There is this document: https://wiki.osarch.org/index.php?title=BlenderBIM_Add-on/BlenderBIM_Add-on_Roadmap though the "The current roadmap" is not current anymore. However the intentions of the three phases of alpha / beta / stable (0.0.x, 0.x.x, x.x.x) are still there.
From the description of beta (i.e. the shift from pure feature development to other aspects like tutorials, docs, usability, fundraising) it seems as though we are clearly entering beta territory. However these seem to me to be secondary criteria. The primary criteria in my mind of what makes us ready for beta is that people are using it productively for commercial-grade work. So far, I am only personally aware of @Ace, Pale-blue-dot, and @theoryshaw who are using it for end-to-end design and documentation (maybe @ChubbyQuark ? ). I don't count, of course. A lot of people are using it for portions of their workflow (i.e. model checking, non-design aspects like 4D/5D, quantity take-off) but I struggle to put a number on "a lot" and it's very hard to know how much it contributes to commercial-grade work. At the end of this year I'll put together a post to share some stats but for example right now we have 50,000 unique IP downloads of the BlenderBIM Add-on per year. That's certainly not a small number.

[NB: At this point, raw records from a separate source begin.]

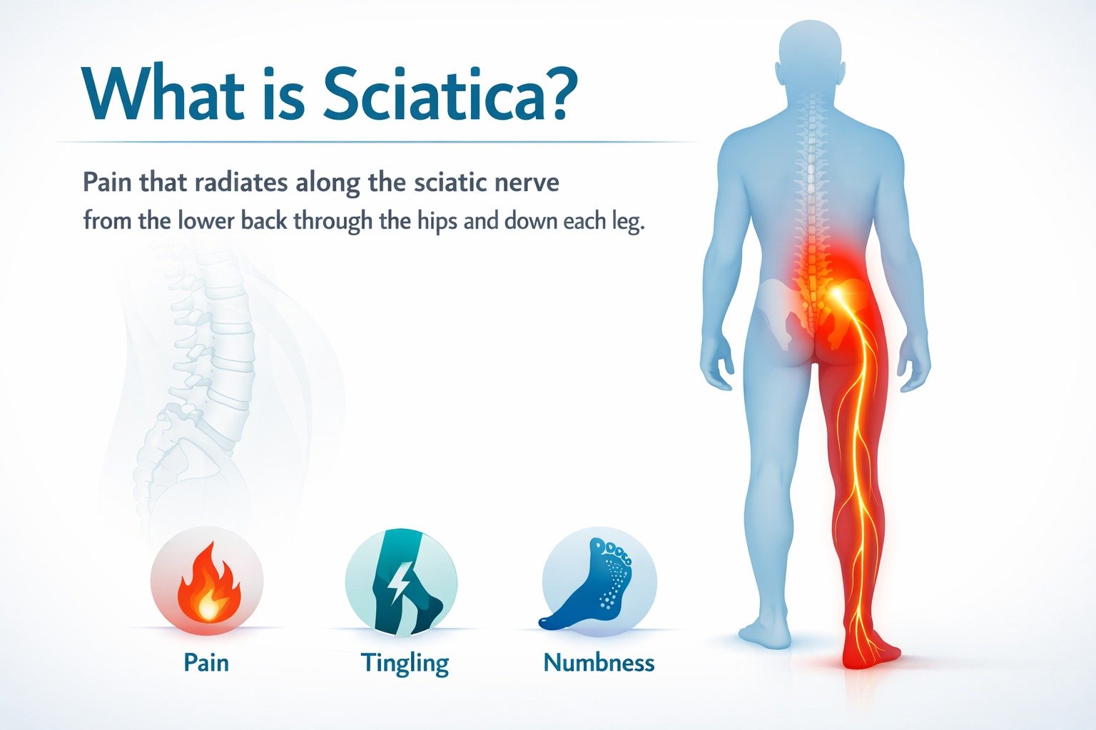 Sciatica is nerve pain that starts in the lower back and travels down the leg. If you feel sharp, shooting pain, numbness, tingling, or weakness in one leg, you may have sciatica. A doctor can confirm it through physical examination and scans.
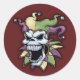 crânio de mau com grin grande de mau. Desenho original de caneta e tinta, com cores Mardi Gras digitais. T-shirts, suores, canecas, artigos de presente.
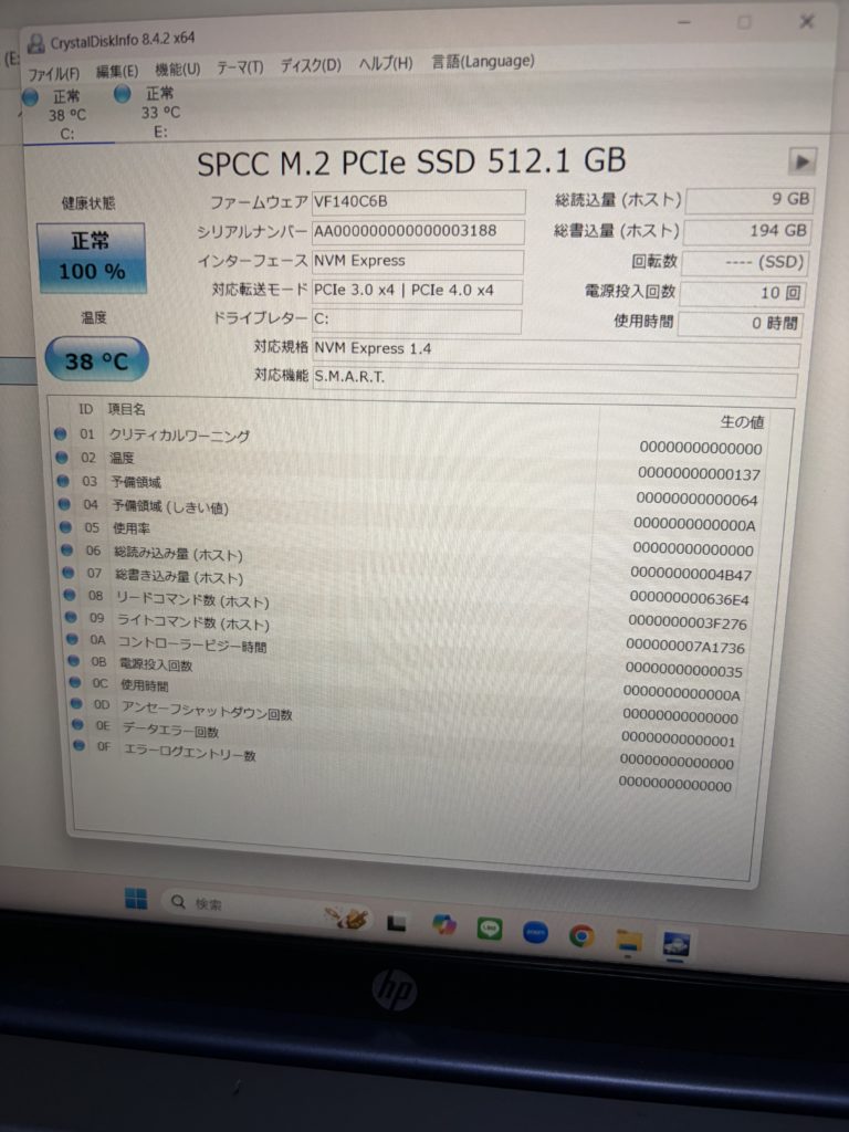 お返しする前に、CrystalDiskInfoでSSDの状態を確認すると、健康状態が低下しており、総読み書きサイズが多いため、SSDの交換をオススメしました。
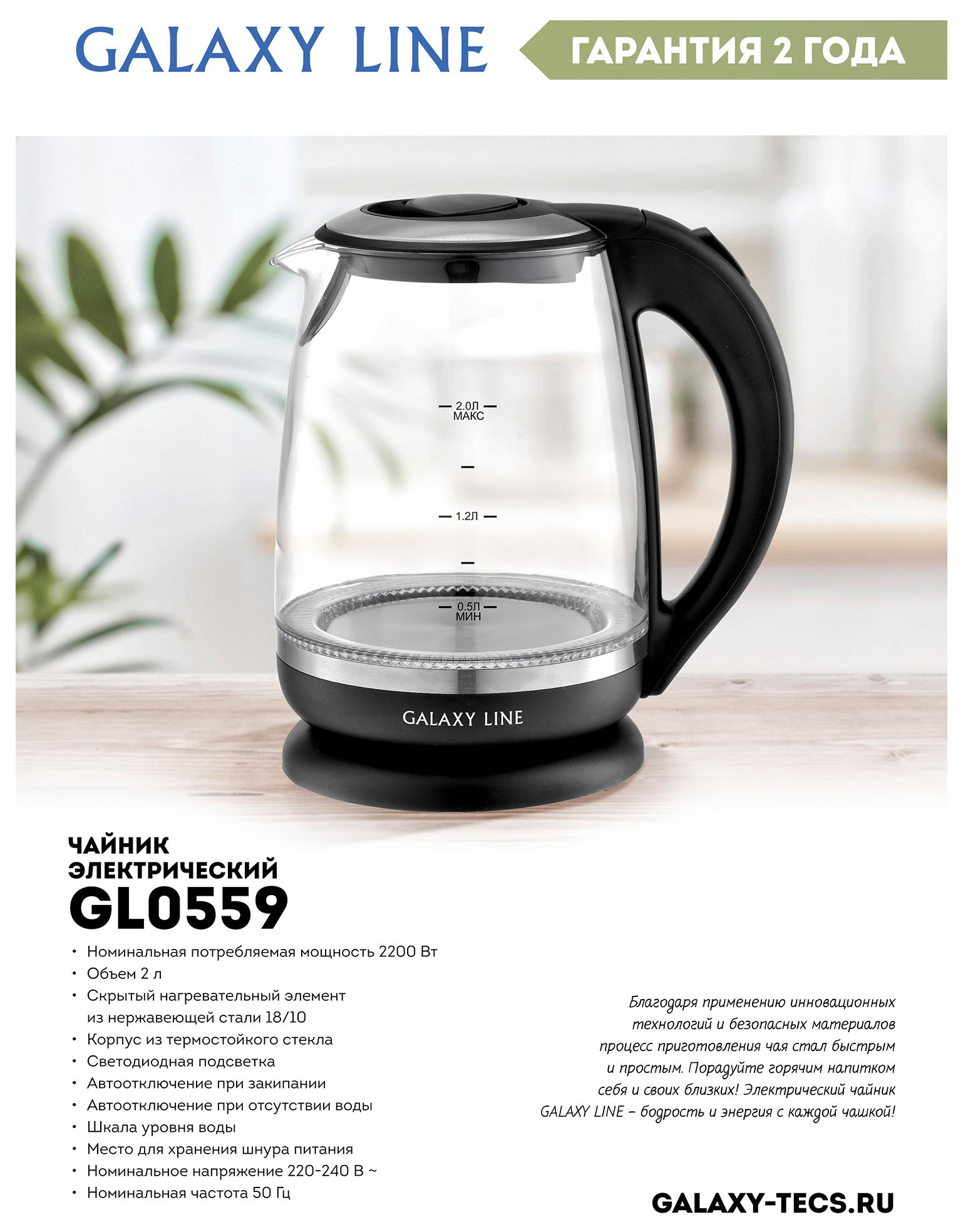2л. 2200Вт черный корпус: стекло (ГЛ0559Л)
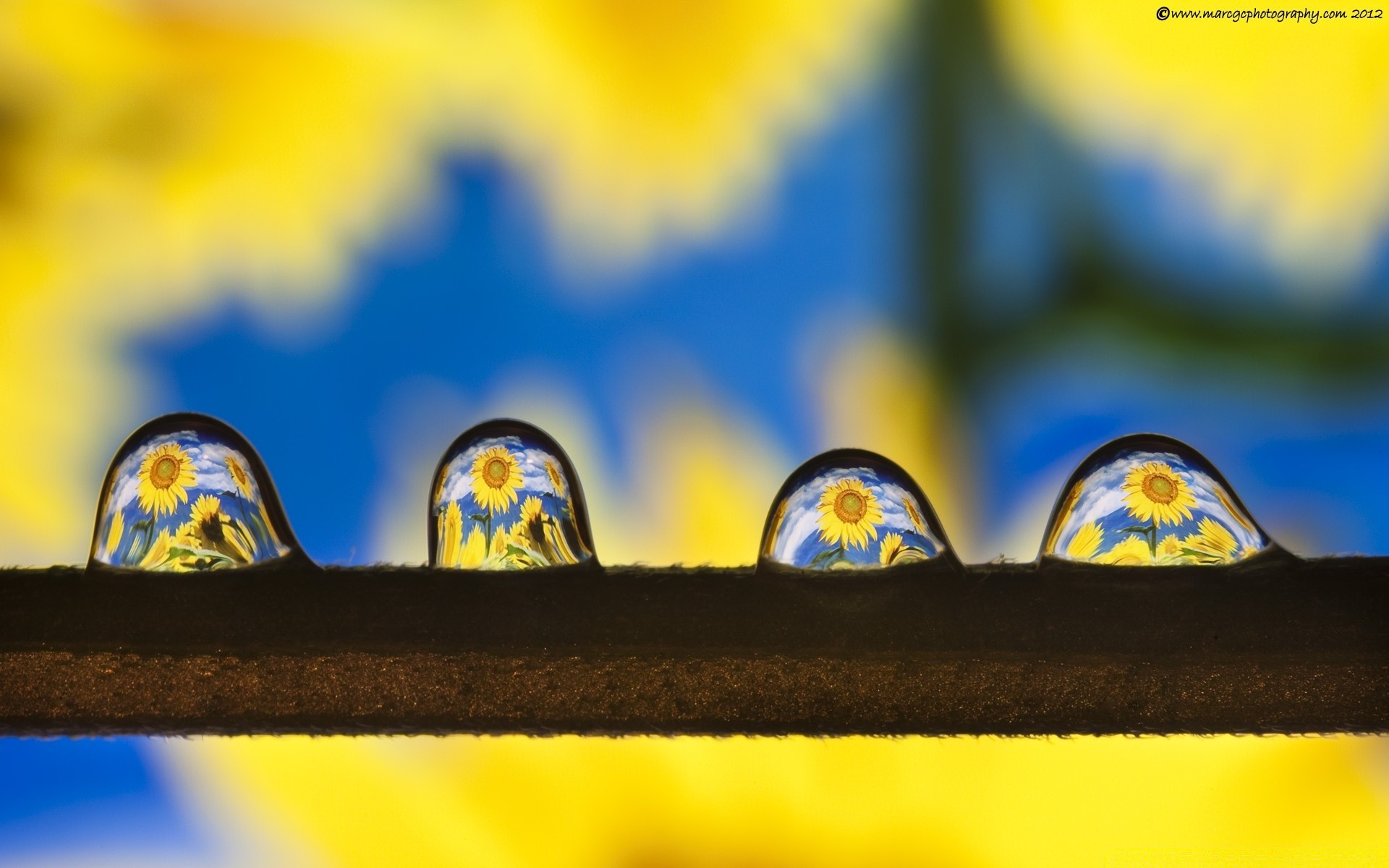Obraz w kropli. Makrofotografia. Słonecznik w kropli
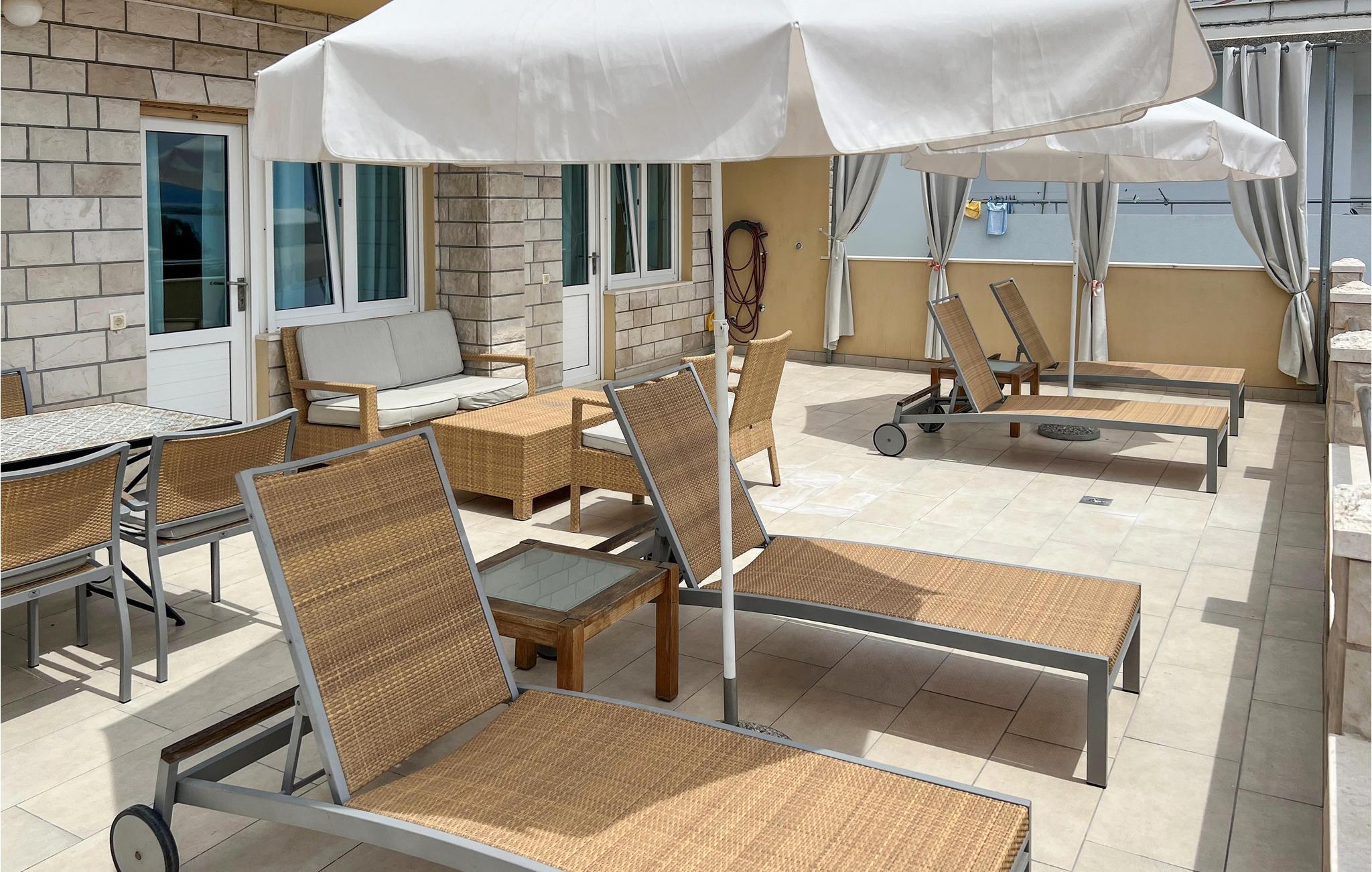 Auf den Sonnenliegen und auf der Terrasse werden Sie einen unvergesslichen Urlaub erleben. Eine zusätzliche, schattenspendende Terrasse bietet Auszeit von der Sonne, während sich hinter dem Haus die Bocciabahn und der Garten befinden.
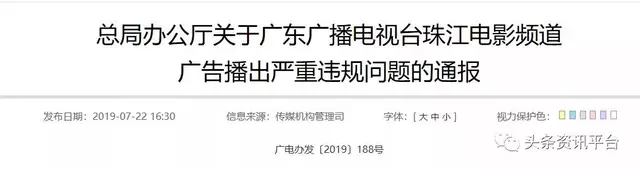 据悉,国家广电总局在检查中发现,广东广播电视台珠江电影频道无视《通知》要求,于5月15日至6月30日期间,每天多次播出“认购甘肃文交影视中心《重回地球》电影衍生品”广告。该广告由主持人频繁提示扫描屏幕中二维码,诱导观众添加私人微信账号后,认购1万元1股的所谓“《重回地球》电影衍生品”,成为电影投资者并获取票房收入分成,属于典型的影视剧项目非法集资广告。

I think the best way to know whether we're ready for beta is to simply ask people. "Do you think this is beta software, or does it still feel like alpha software?" If enough people say it feels like beta, then it is beta. If they say it still feels like alpha, ask them "which part?" and then we fix that part until it becomes beta.
If 25 people can tell me it feels like beta (for their respective usecases that go beyond just model viewing), then I'd tentatively say we're beta. If 50 people tell me, then I'd confidently say we're beta. So ... as is the core of any open source project: the answer lies in the community.